SMTP does sometimes just drop messages, it's not a protocol that guarantees delivery
That's not true. It should either send the email to the recipient or return it to sender. But it should never just drop the message (except for bounces which can be dropped since there is nowhere to send them if delivery fails).
I think you and the parent are using different meanings of "guarantee."

Yes, everything in the protocol leads to the fact that nothing should drop an email unless it has passed responsibility of it to another server which has accepted the message.

In practice, lots of times things don't work.

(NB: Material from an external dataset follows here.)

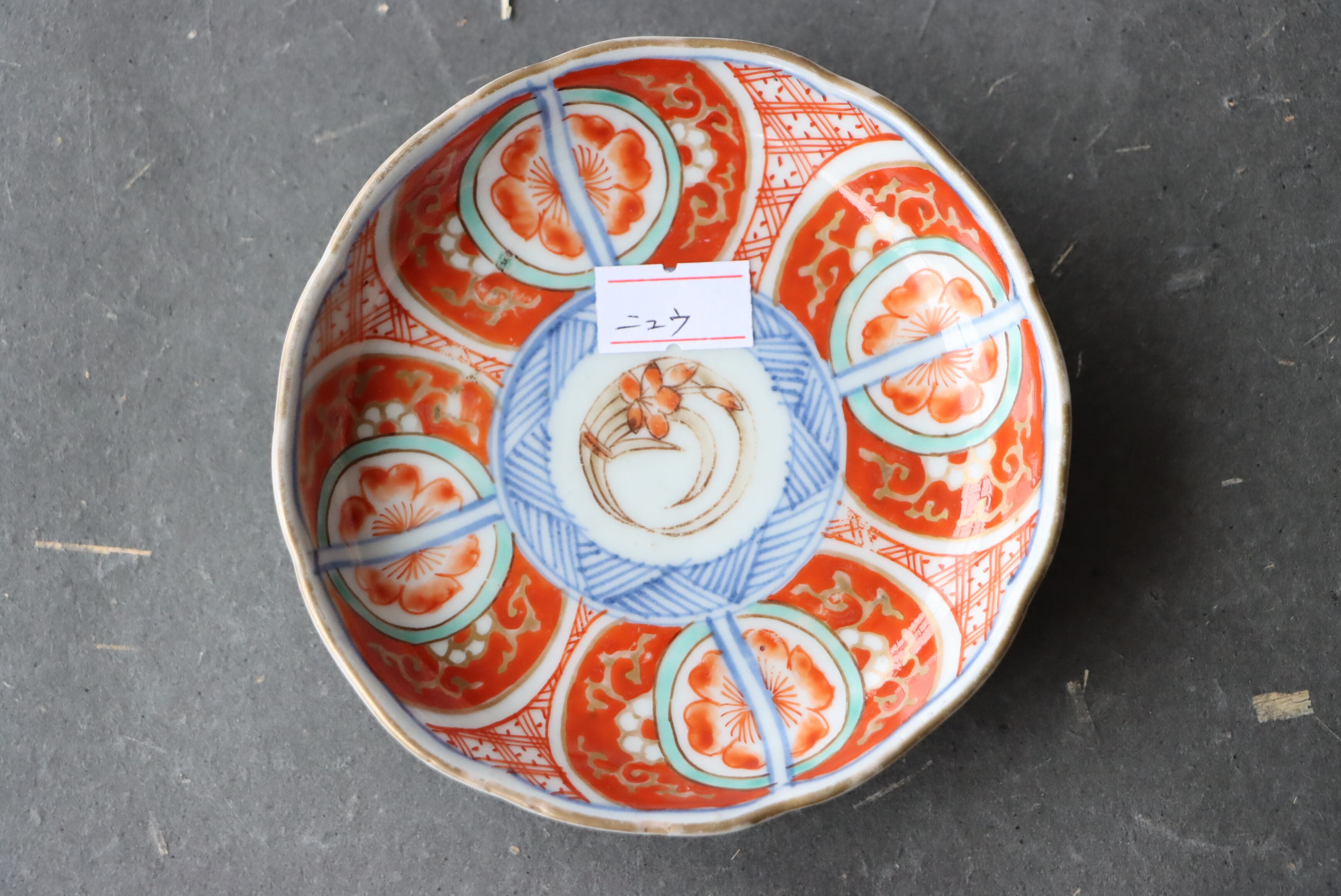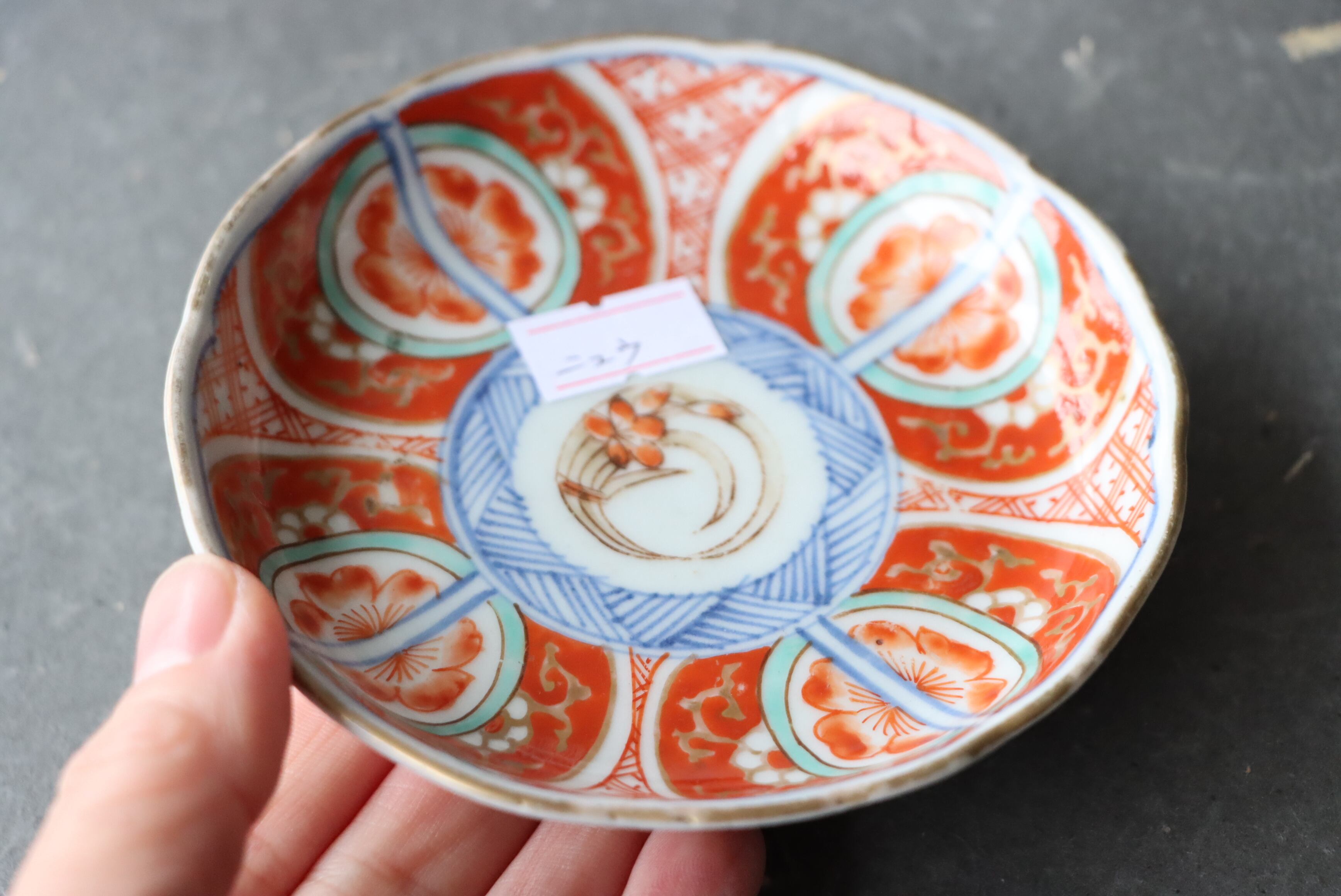 焼成時に窯の中でできる鉄分、くっつき、かまきず、ピンホール、経年による釉薬の薄れがございます。また、一枚一枚手描き、手作りですので器のサイズ(ミリ)、色味、描かれている文様の大きさなど個体差があり、ひとつとして同じものはございません。そういった時代感、個性をご理解いただき、楽しんでくだされば幸いです。電子レンジや食器洗い乾燥機のご使用はお控えください。

An SMTP daemon will try to send the message a certain number of times, at a certain interval, then, eventually, it will stop ("bounce"). You can configure these settings if you run your own SMTP service.
There's a reason why a domain can have multiple mail exchanger records.
I risk new messages getting bounced, but all of my email is backed up on my computer. And I'd archive everything to s3 (which has never lost data to my knowledge) in case both my ec2 instance and my laptop disappeared.
You can set up a different mail server with a lower priority. I run my own server on a VPS, but have Google Apps' SMTP server as backup for those cases, and it's been working fine for months.
I have experienced, many times, people sending mail to the lower priority SMTP server despite the primary being fully online.
In my experience, the only ones doing that are spammers which assume that a secondary SMTP has no antispam filters configured.
Assuming your ISP is not blocking port 25 and your internet address is not on some blacklist you can send mail directly from your machine. No need to use intermediary SMTP servers.

Is it possible that someone people might like to use their native SMTP capability for low volume noncommercial email? Does every person who sends email have some overwhelming urge to send spam? Such that we must place pseudo control over sending email, any email whether commercial or noncommercial, in the hands of "email providers"?

Good on you for running your own service.

My ISP doesn't block port 25, but since my IP address is technically dynamic, it's on Spamhaus' Policy Black List. That said, my ISP offers SMTP servers for proxying outgoing messages, so I used that for a while. I switched to a VPS because my home server died.
Gotta love that Spamhaus logic. Spammers use cheap dynamic IP's therefore anyone with a cheap dynamic IP that sends an email is a spammer.

Is it cheaper for you to get a static IP from a VPS than from your ISP?